What the exercise asks -> Retype exactly the span of lines below from the one with "Kakayahang Diskorsal Halimbawa" through the one with "朝一からカツオの猛チャージで". Do not include pictures.

Available data ->
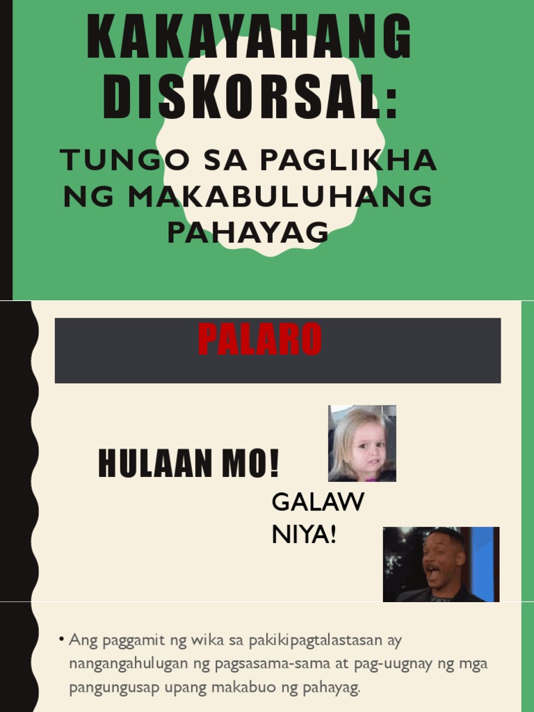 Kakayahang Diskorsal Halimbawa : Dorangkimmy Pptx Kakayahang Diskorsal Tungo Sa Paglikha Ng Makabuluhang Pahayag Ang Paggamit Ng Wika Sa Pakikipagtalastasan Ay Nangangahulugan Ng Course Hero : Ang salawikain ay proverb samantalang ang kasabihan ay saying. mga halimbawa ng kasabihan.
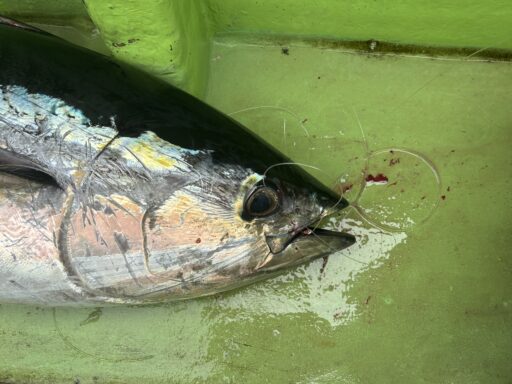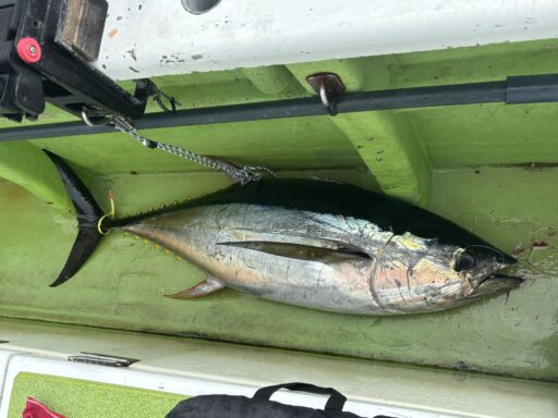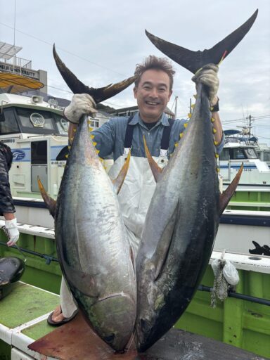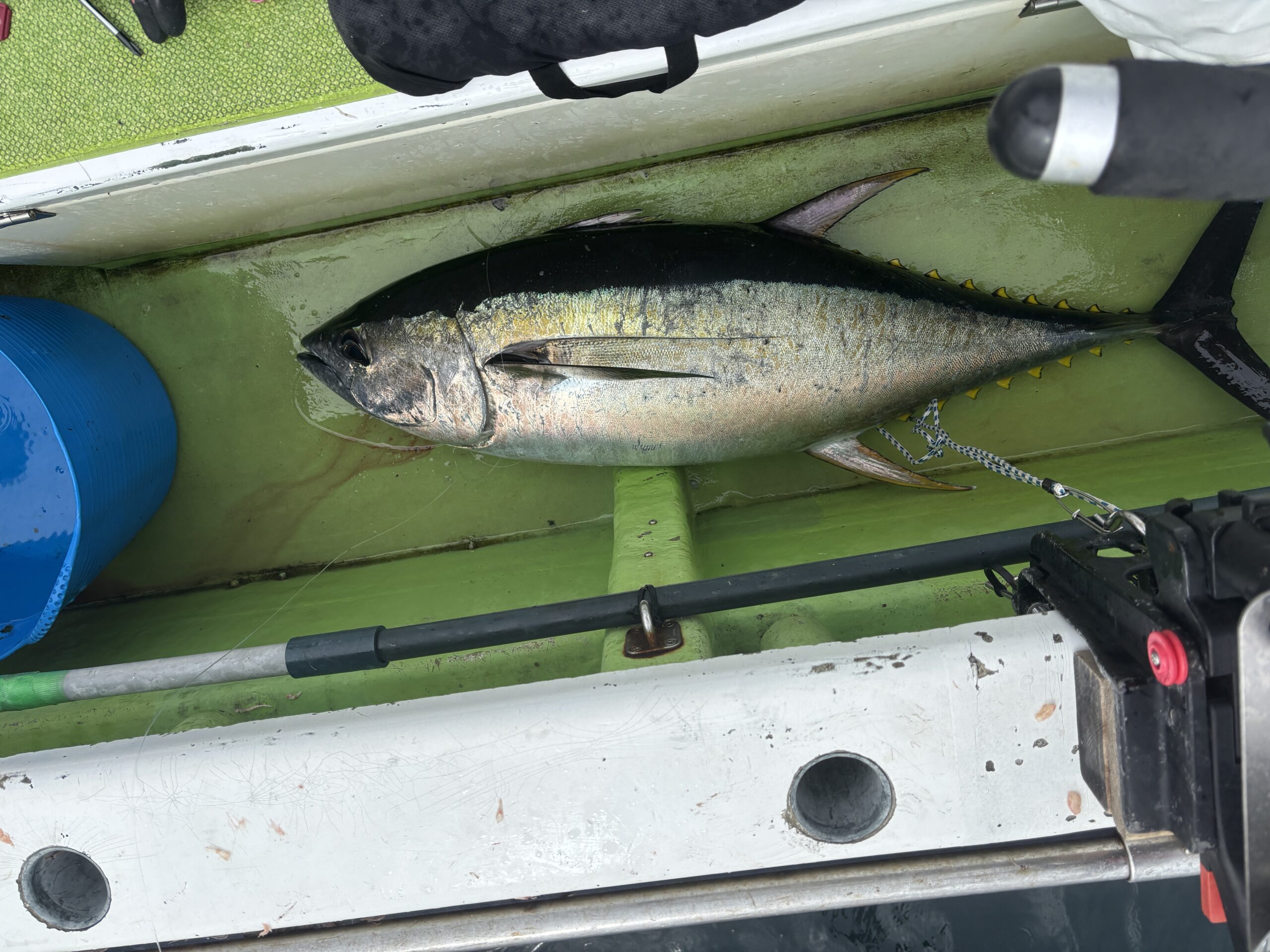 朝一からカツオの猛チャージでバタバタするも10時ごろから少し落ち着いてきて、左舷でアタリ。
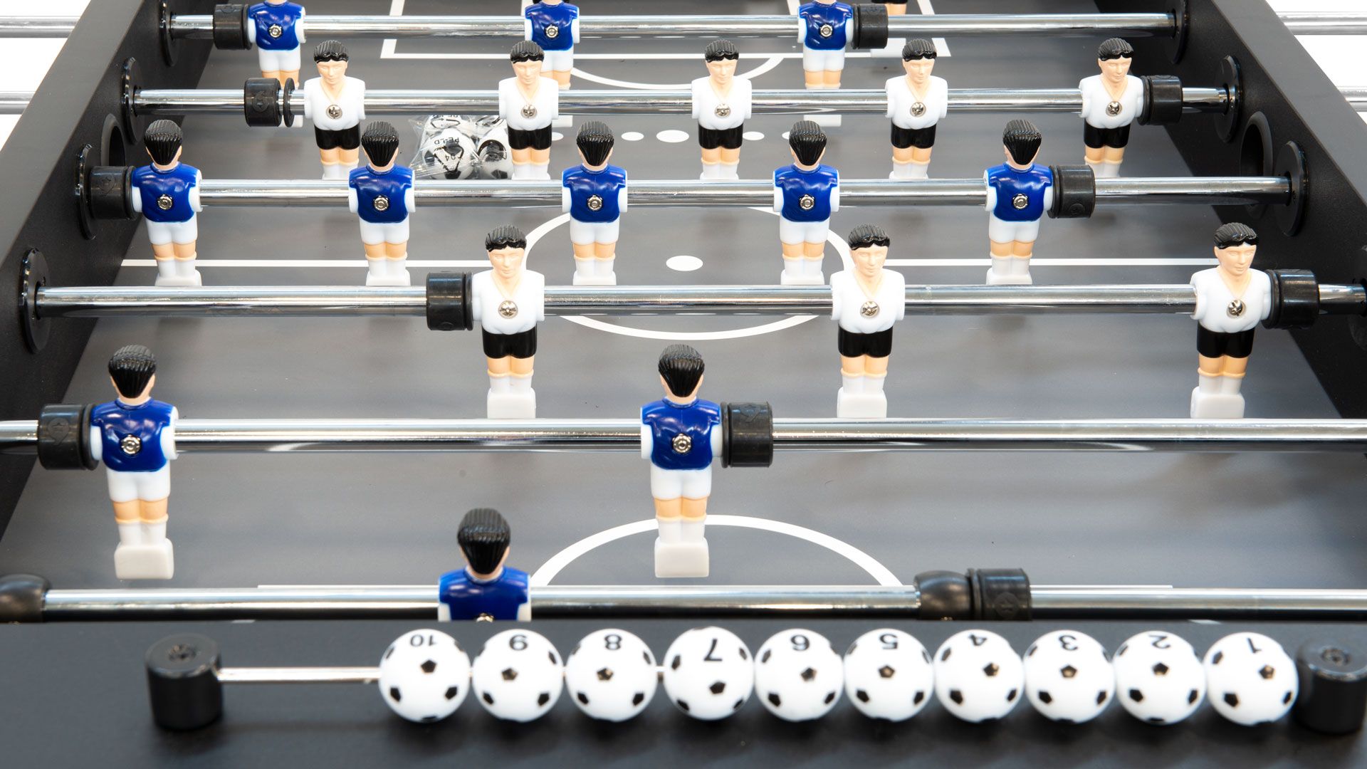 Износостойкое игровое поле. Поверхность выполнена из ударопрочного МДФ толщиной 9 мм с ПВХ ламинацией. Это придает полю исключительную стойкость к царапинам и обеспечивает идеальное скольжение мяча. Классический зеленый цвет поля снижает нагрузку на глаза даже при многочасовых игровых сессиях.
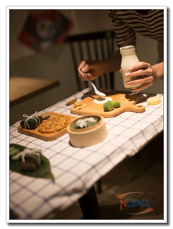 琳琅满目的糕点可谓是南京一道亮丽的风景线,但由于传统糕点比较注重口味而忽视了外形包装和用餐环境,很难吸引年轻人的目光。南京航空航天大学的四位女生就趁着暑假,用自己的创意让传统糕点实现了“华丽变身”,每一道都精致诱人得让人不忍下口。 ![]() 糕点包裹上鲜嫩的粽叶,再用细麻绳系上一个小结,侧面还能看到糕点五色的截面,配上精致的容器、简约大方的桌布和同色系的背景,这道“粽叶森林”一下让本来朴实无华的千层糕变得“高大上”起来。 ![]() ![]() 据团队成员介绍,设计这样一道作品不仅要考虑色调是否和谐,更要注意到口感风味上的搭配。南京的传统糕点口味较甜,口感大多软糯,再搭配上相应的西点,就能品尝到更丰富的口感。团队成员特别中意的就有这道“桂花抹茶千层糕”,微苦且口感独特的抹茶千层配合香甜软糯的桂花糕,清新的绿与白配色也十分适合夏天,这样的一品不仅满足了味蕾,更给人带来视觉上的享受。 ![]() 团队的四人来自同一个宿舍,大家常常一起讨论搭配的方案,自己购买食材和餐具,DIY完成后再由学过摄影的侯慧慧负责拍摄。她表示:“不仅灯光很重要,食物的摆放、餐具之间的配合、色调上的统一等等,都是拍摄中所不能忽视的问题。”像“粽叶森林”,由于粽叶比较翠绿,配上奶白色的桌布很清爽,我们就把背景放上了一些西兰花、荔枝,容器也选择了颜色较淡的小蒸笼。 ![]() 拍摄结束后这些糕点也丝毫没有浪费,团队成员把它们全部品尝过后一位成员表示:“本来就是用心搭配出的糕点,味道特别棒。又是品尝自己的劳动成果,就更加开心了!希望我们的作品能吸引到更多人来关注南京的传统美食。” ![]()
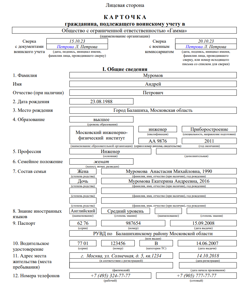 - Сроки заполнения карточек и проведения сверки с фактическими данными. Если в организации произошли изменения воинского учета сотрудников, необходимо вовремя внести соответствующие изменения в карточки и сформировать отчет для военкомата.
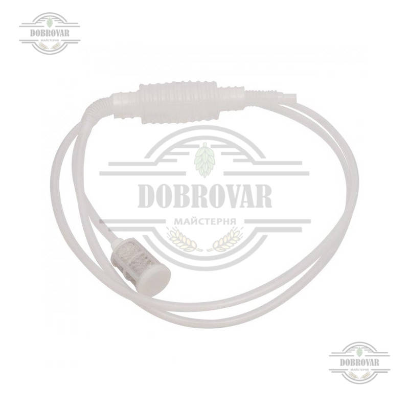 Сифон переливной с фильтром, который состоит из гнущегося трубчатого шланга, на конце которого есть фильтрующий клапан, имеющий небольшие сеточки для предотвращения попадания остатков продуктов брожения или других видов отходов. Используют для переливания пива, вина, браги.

---

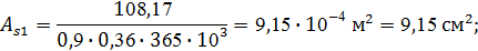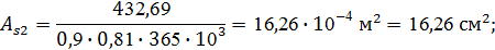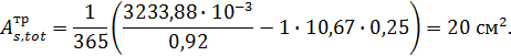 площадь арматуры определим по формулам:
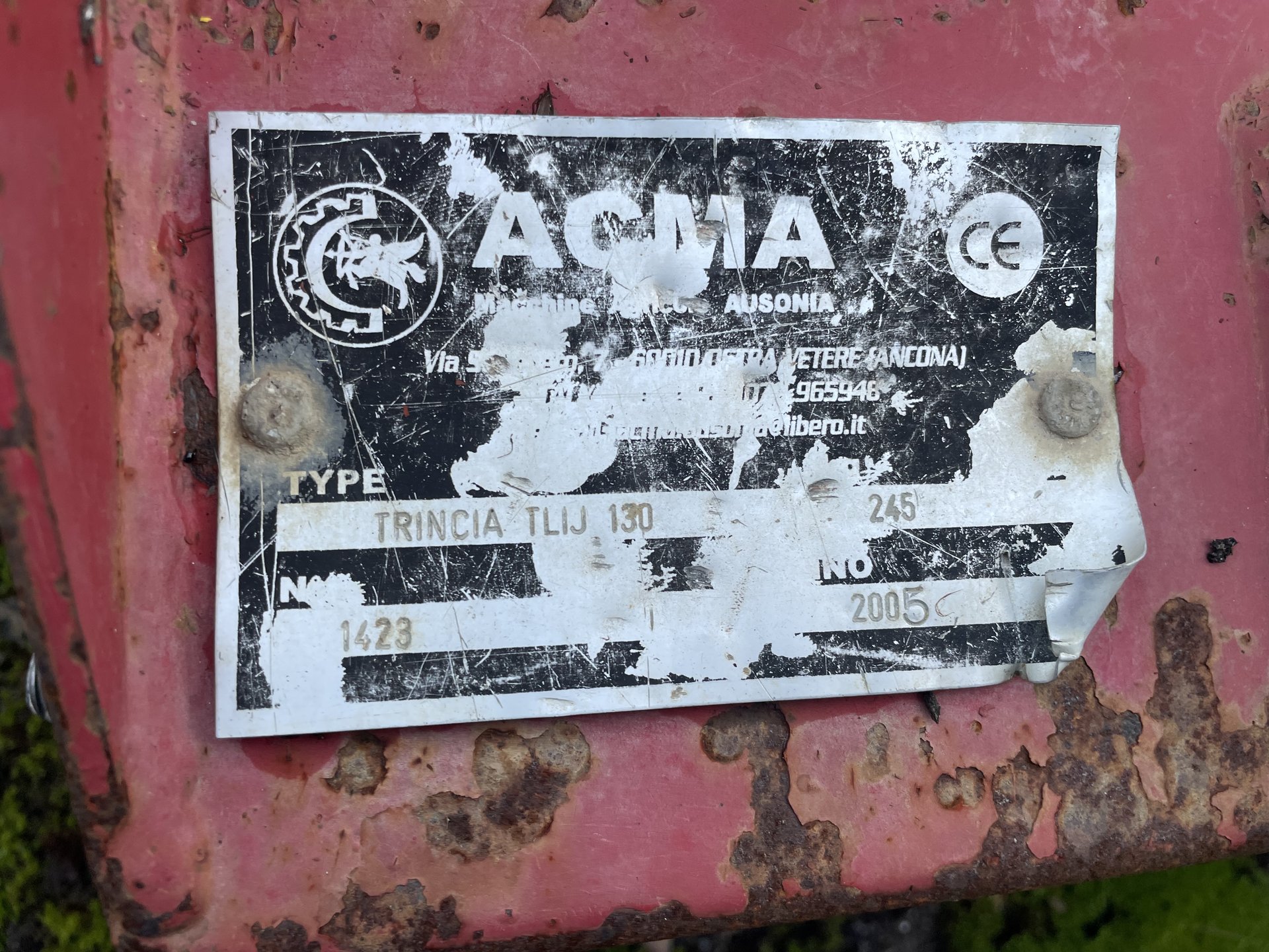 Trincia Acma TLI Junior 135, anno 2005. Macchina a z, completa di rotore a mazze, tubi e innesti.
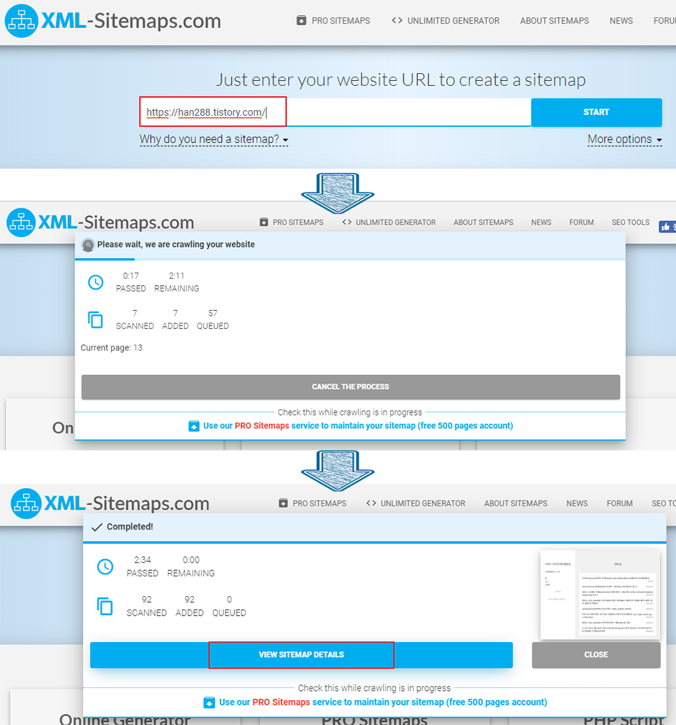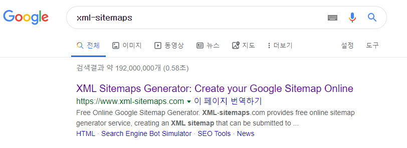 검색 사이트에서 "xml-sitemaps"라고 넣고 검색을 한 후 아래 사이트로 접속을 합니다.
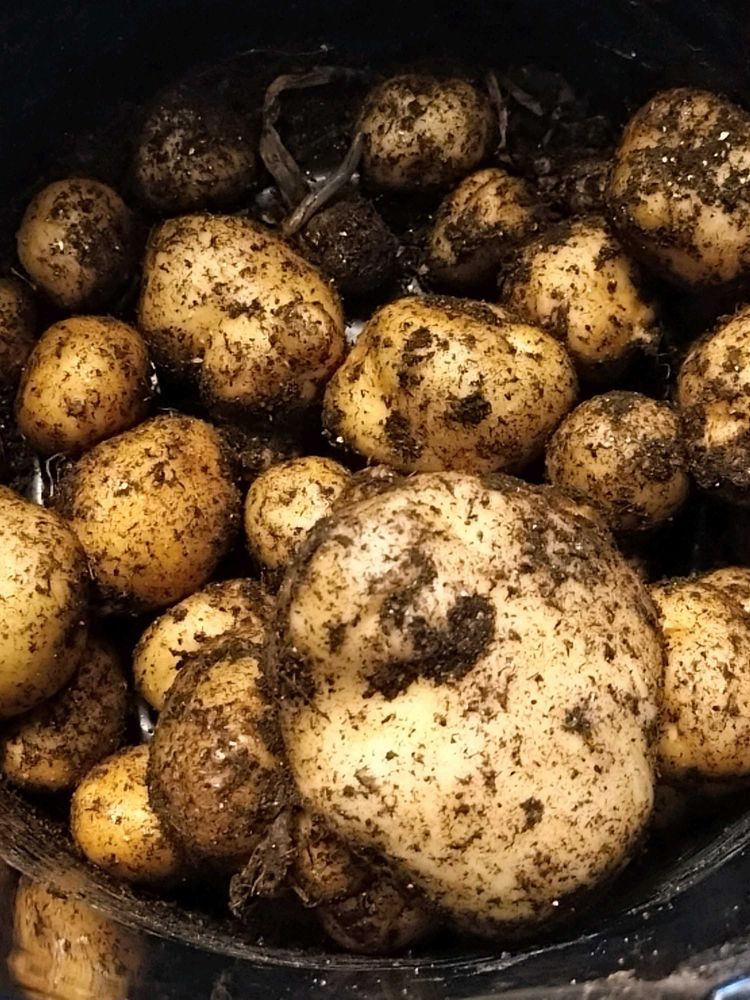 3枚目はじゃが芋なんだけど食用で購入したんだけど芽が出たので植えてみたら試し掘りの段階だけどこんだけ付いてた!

Problem solution ->
 Kakayahang Diskorsal Halimbawa : Dorangkimmy Pptx Kakayahang Diskorsal Tungo Sa Paglikha Ng Makabuluhang Pahayag Ang Paggamit Ng Wika Sa Pakikipagtalastasan Ay Nangangahulugan Ng Course Hero : Ang salawikain ay proverb samantalang ang kasabihan ay saying. mga halimbawa ng kasabihan.
 朝一からカツオの猛チャージでバタバタするも10時ごろから少し落ち着いてきて、左舷でアタリ。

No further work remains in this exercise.